3. Indifference. I teach children not to care too much about anything, even though they want to make it appear that they do. I do this by demanding students become totally involved in my lessons, exhibit enthusiasm for my teaching, compete with each other for my favor. But when the bell rings I insist they drop whatever they’ve been doing and proceed to the next class.
“Indeed, the lesson of bells is that no work is worth finishing, so why care too deeply about anything.”
4. Emotional dependency. By stars and red checks, smiles and frowns, I teach kids to surrender their will to the predestinated chain of command. Individuality is a contradiction to class theory and curse to all systems of classification.
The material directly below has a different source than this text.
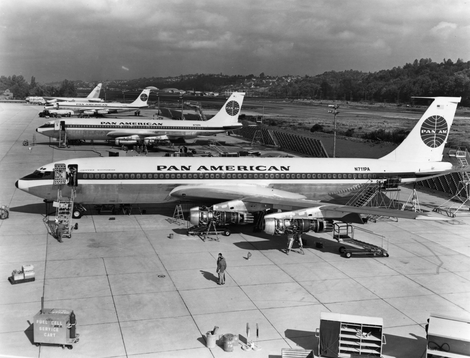 "POISED ON THE FLIGHT LINE in Seattle, Wash., are the first three 707-121 aircraft with Pratt&Whitney JT3C6 engines awaiting delivery to Pan American World Airways in 1958. Aircraft N711PA (foreground) was the jetliner which inaugurated the first regular U.S. jet transport service on Oct. 26, 1958 with a flight between New York and Paris." Left side view from slightly above of Boeing Model 707-121 (r/n N711PA) on the Boeing factory flight line in Seattle, Washington. In background are seen r/n N710PA (center) and beyond, r/n N709PA; a U.S. Air Force Boeing B-52 Stratofortress is seen at far left background.

5. Intellectual dependency. Good students wait for a teacher to tell them what to do. They learn that we must wait for others, better trained, to make the choices that will direct our lives. successful children do the thinking I assign with a minimum of resistance and decent show of enthusiasm. Curiosity has no place, only conformity. Bad kids fight this, even though they lack the concepts to know what they are fighting. There are procedures to break the will of those who resist. Our entire economy depends upon this lesson being learned. Think of what might fall apart if children weren’t trained to be dependent. We’ve built a way of life that depends on people doing what they are told because they don’t know how to tell themselves what to do.
6. Provisional self-esteem. It is impossible to make self-confident spirits conform. Our world wouldn’t survive a flood such spirits, so I teach that a child’s self respect should depend on expert opinion. The lesson of report cards, grades, and tests is that children should not trust themselves or their parents, but rely on the evaluation of certified officials.
7. One can’t hide. I teach children they are always under constant surveillance. There are no private spaces for children, no private times. Students are encouraged to tattle on each other. The meaning of constant surveillance and denial of privacy is that no one can be trusted, privacy is not legitimate. Children must be closely watched if you want to keep a society under tight central control.